__Exercise data__.
= Beginning of Section =

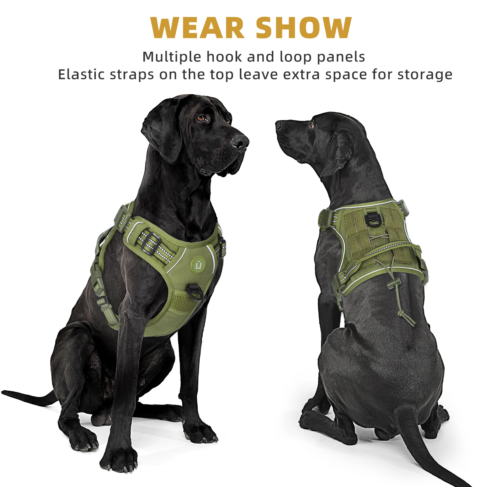 The MOLLE attachment system across the vest allows you to add pouches, patches, and accessories for any mission — from hiking and tracking to service dog work and everyday training. The no-pull design redirects leash pressure to the chest for calm, confident control, and the breathable construction keeps your dog comfortable through long sessions. Adjustable from M to XL in four military-inspired colorways including army green, dark khaki, and light grey.
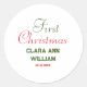 BABY KIDS FIRST CHRISTMAS HOLIDAY ADD NAME TEXT YE CLASSIC ROUND STICKER
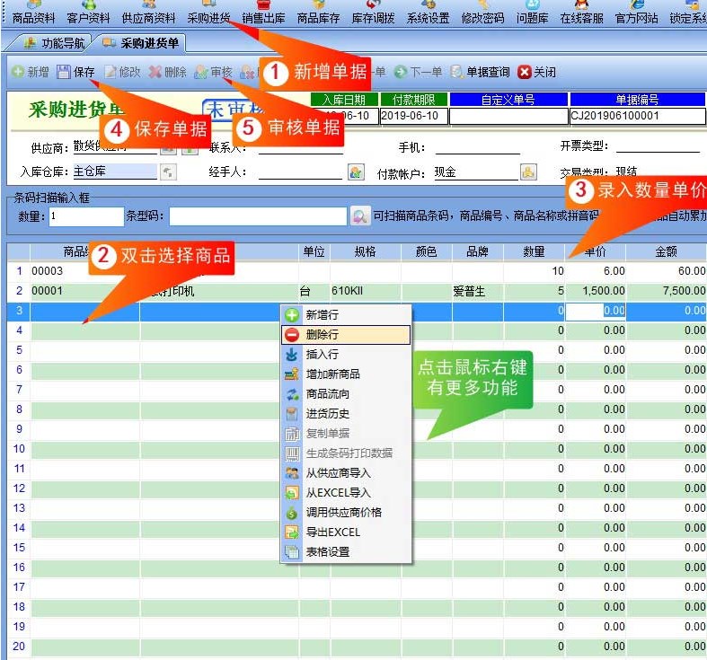 新增行:已经保存过的单据,需要修改添加新产品时,可以点鼠标右键增加行可增加空行。
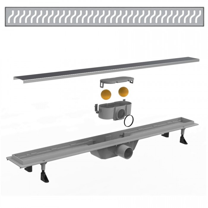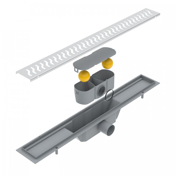 Линейный трап 700мм, система сухой затвор, с решеткой "волна"...
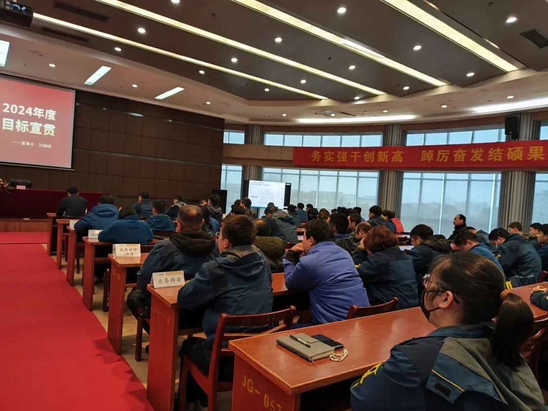 大会首先由执行总裁金佳彦做2023年工作总结及2024年工作展望,金总在报告中分析国内外行业环境及经营情况、总结工作亮点及不足,并对运营中心各厂区运营目标和工作任务作出指示。
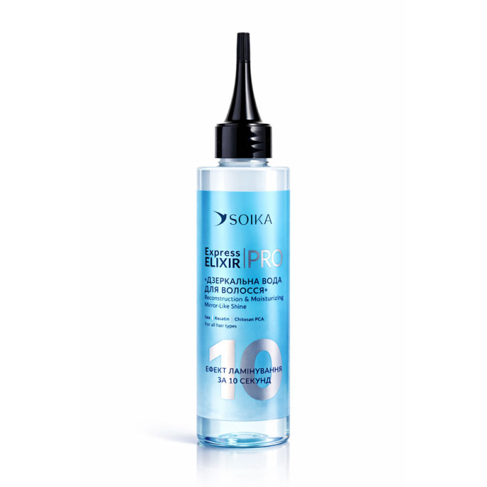 Я - експрес-еліксир Soika "Дзеркальна вода", створений для тих моментів, коли волоссю потрібен миттєвий ефект гладкості, сяяння та доглянутості. Я працюю швидко - всього за 10 секунд, надаючи волоссю ультрасяючий вигляд з ефектом ламінування без обтяження.

= End of Section =

__Requirement__.
Restate word for word the lines from the one holding "Линейный трап 700мм, система" down through the last line of the records above, and do not include the pictures.

__Solved exercise__.
 Линейный трап 700мм, система сухой затвор, с решеткой "волна"...
 大会首先由执行总裁金佳彦做2023年工作总结及2024年工作展望,金总在报告中分析国内外行业环境及经营情况、总结工作亮点及不足,并对运营中心各厂区运营目标和工作任务作出指示。
 Я - експрес-еліксир Soika "Дзеркальна вода", створений для тих моментів, коли волоссю потрібен миттєвий ефект гладкості, сяяння та доглянутості. Я працюю швидко - всього за 10 секунд, надаючи волоссю ультрасяючий вигляд з ефектом ламінування без обтяження.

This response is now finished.